Yuchi (Euchee) is the language of the Tsoyaha (Children of the Sun), also known as Yuchi people, now living in Oklahoma. Historically, they lived in what is now known as the southeastern United States, including eastern Tennessee, western Carolinas, northern Georgia, and Alabama, during the period of early European colonization. Many speakers of the Yuchi language became allied with the Muscogee Creek when they migrated into their territory in Georgia and Alabama. They were forcibly relocated with them to Indian Territory in the early 19th century.

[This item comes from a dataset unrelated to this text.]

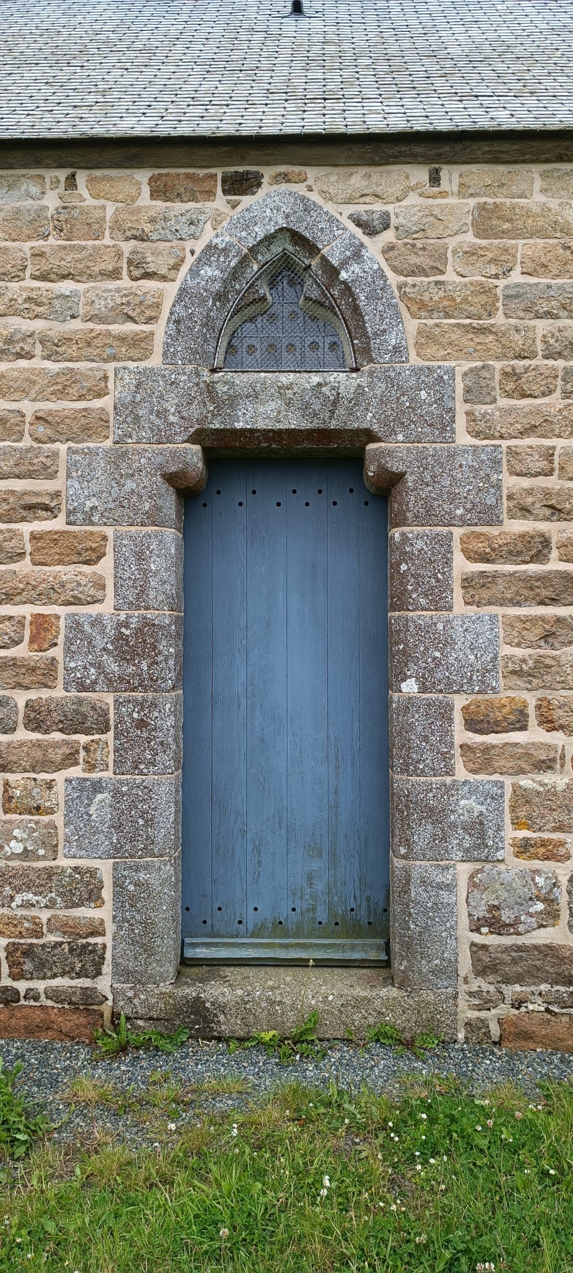 Le porche date du XVIIè siècle où se trouvent les armes de l’abbé Alexendre de Cossé-Brissac. Pour rentrer dans la chapelle, il faut se baisser, car la porte ne doit pas dépasser 1,60 m. Ça obligeait ainsi à saluer le Saint en rentrant.

Some audio tapes in the Yuchi language exist in the collections of the Columbus State University Archives in Columbus, Georgia.
Yuchi is classified as a language isolate, because it is not known to be related to any other language. Various linguists have claimed, however, that the language has a distant relationship with the Siouan family: Sapir in 1921 and 1929, Haas in 1951 and 1964, Elmendorf in 1964, Rudus in 1974, and Crawford in 1979.

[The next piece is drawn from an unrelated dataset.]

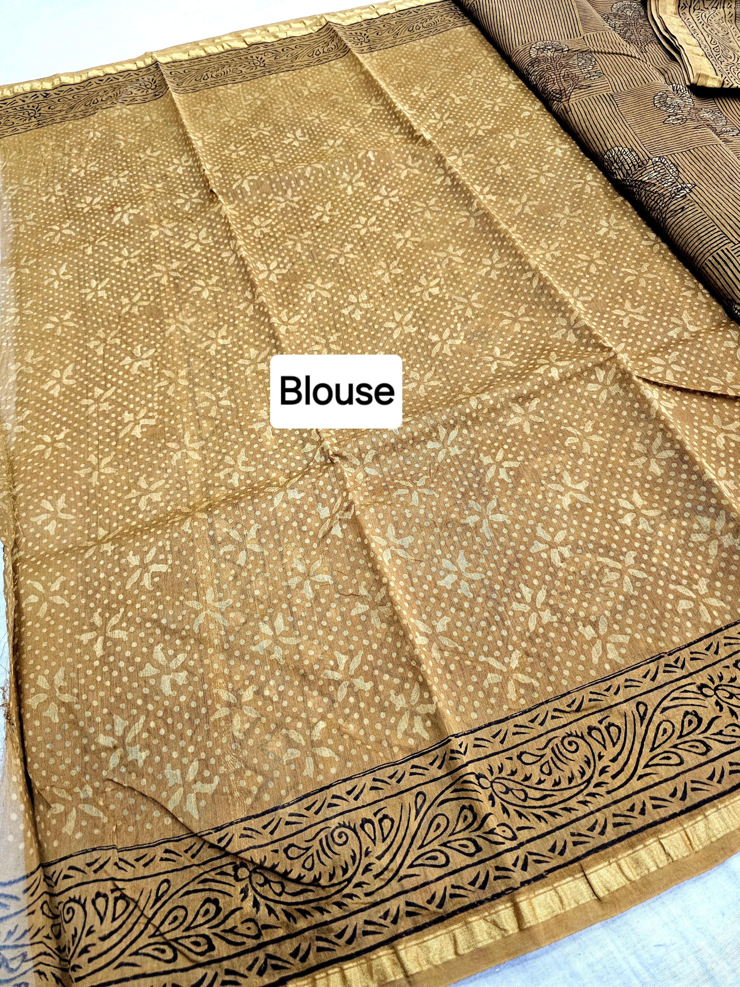 581009 Pure Chanderi Silk Hand blocked Printed Saree

Yuchi is primarily spoken in northeastern Oklahoma, where Yuchi people live in present-day Tulsa, Okmulgee, and Creek counties, within the Muscogee (Creek) Nation's tribal jurisdictional area. In 1997, 12 to 19 elders spoke the language out of an estimated Yuchi population of 1,500 speakers. In 2009, only five fluent speakers, whose first language was not English, remained, and in 2011 only one.

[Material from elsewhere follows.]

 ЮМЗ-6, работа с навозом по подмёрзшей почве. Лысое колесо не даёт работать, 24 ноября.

Yuchi people lived in Tennessee at the time of European contact. In the early 18th century, they moved to northwestern Georgia in the southeastern United States, under pressure from the powerful Cherokee in Tennessee. There they settled near the Muscogee Creek and were allied with them. In the 1830s, speakers of the Yuchi language were forcibly relocated with the Muscogee people to Indian Territory.
The spoken Yuchi language has changed over time, in part due to relocation. In 1885 in an article in Science, Swiss linguist Albert S. Gatschet wrote about various linguistic idiosyncrasies in Yuchi.